The first argument for the rule method is a Hash to match against the product of the parser. The return value of the passed block is what will replace the matched Hash. For example:

transform = Transform.new
transform.apply({match_field: "title", value: "foo"}) # => {:match=>{"title"=>"foo"}}

Another methods of Parslet::Transform used here are simple and subtree. simple roughly matches a value of a Hash which is not an Enumerable. subtree is a placeholder for tree transformation patterns that will match any kind of subtree. The block for subtree accepts an argument (dict) which is the transformed input up until this point. In the passed block to subtree we construct the final Hash.

See for yourself:

transform = Transform.new
transform.apply(subqueries: [{match_field: "title", value: "foo"}]) # => {:filtered=>{:query=>{:match=>{"title"=>"foo"}}}}

Putting it all together

Now that we have all the pieces sorted out we can use them to query Elasticsearch.

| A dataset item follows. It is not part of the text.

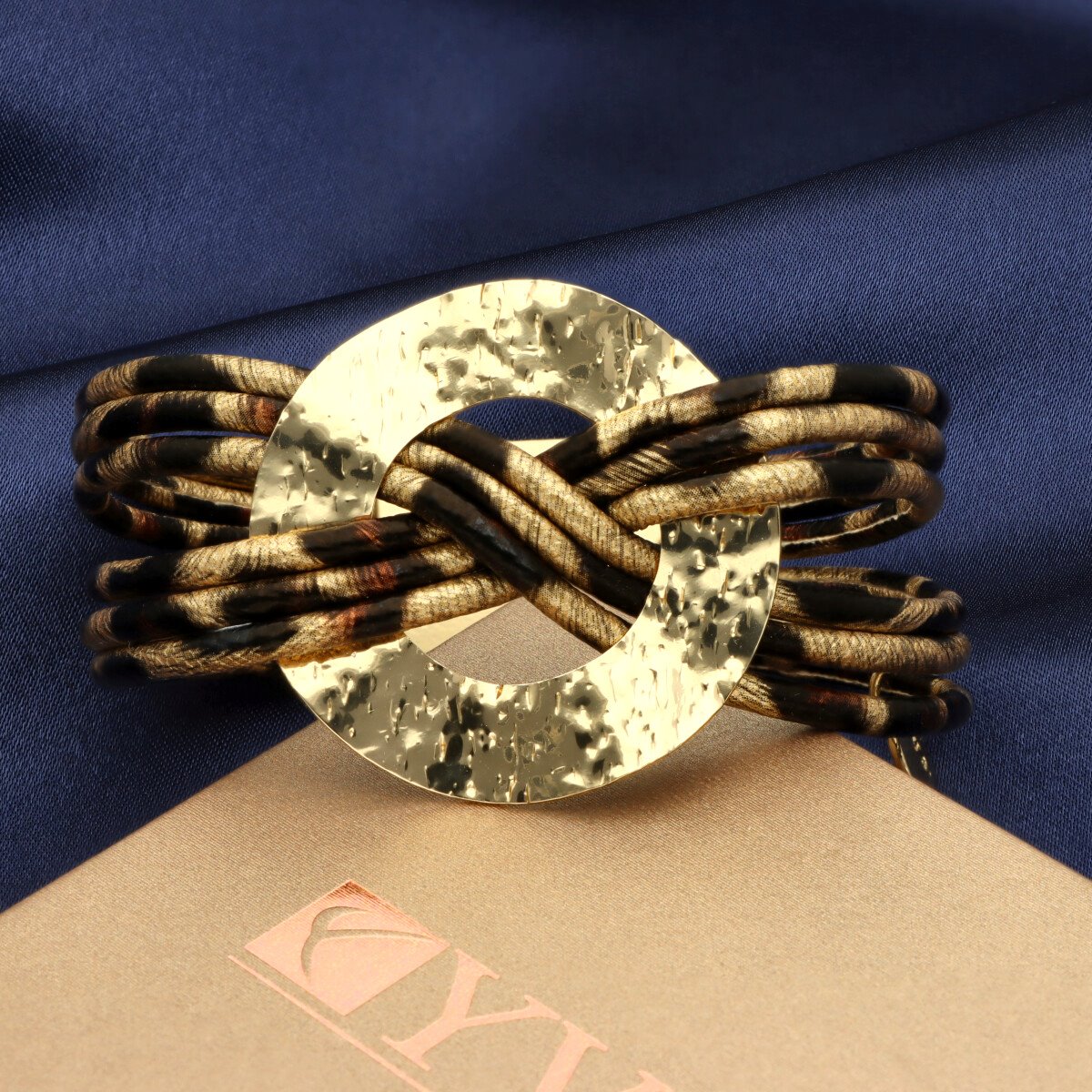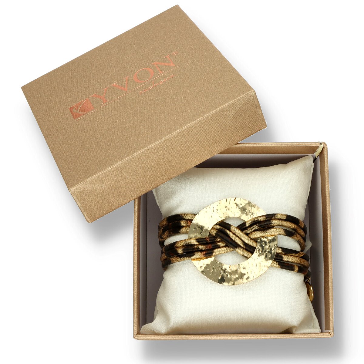 Elegancka bransoletka wykonana z wysokiej jakości skóry eko, zaprojektowana z myślą o nowoczesnych kobietach ceniących styl i wygodę. Wielowarstwowa struktura i metalowe akcenty nadają jej wyrazisty, ale ponadczasowy charakter. Zapięcie na mocny i wygodny magnes zapewnia szybkie zakładanie oraz stabilne trzymanie na nadgarstku. Elementy metalowe wykonane są z metalu hipoalergicznego (zamak i mosiądz), bezpiecznego dla skóry. Bransoletka zapakowana jest w eleganckie pudełeczko (gratis), dzięki czemu doskonale sprawdzi się również jako gotowy pomysł na prezent.

First create some books. From your console:

curl -XPUT "http://localhost:9200/books/book/1" -d'
{
    "title": "The Godfather",
    "year": 1969
}'

curl -XPUT "http://localhost:9200/books/book/2" -d'
{
    "title": "The Count of Monte Cristo",
    "year": 1844
}'

Now from irb:

require 'elasticsearch'
require 'parslet'

input = "title:godfather,,year:__1970"
tree  = Parser.new.parse(input) # => {:subqueries=>[{:match_field=>"title"@0, :value=>"Godfather"@6}, {:filter_field=>"year"@17, :range=>{:lte=>"1970"@24}}]}
query = Transform.new.apply(tree) # => {:filtered=>{:query=>{:match=>{"title"@0=>"Godfather"@6}}, :filter=>{:and=>[{:range=>{"year"@17=>{:lte=>"1970"}}}]}}}

client = Elasticsearch::Client.new
client.search(index: "books", body: {query: query}) # => {"took"=>18, "timed_out"=>false, "_shards"=>{"total"=>5, "successful"=>5, "failed"=>0}, "hits"=>{"total"=>1, "max_score"=>0.19178301, "hits"=>[{"_index"=>"books", "_type"=>"book", "_id"=>"1", "_score"=>0.19178301, "_source"=>{"title"=>"The Godfather", "year"=>1969}}]}}

The returned Hash has got the "hits" key which stores what we were looking for.

Conclusion

The example I’ve shown here is pretty simple. It could be replaced with an approach that uses Regexp. But as soon as we start adding more fields and operators to our grammar the advantage of using parslet becomes apparent. Furthermore I found writing your own parser a lot more pleasent.

The code that uses this approach for querying Elasticsearch server can be found here.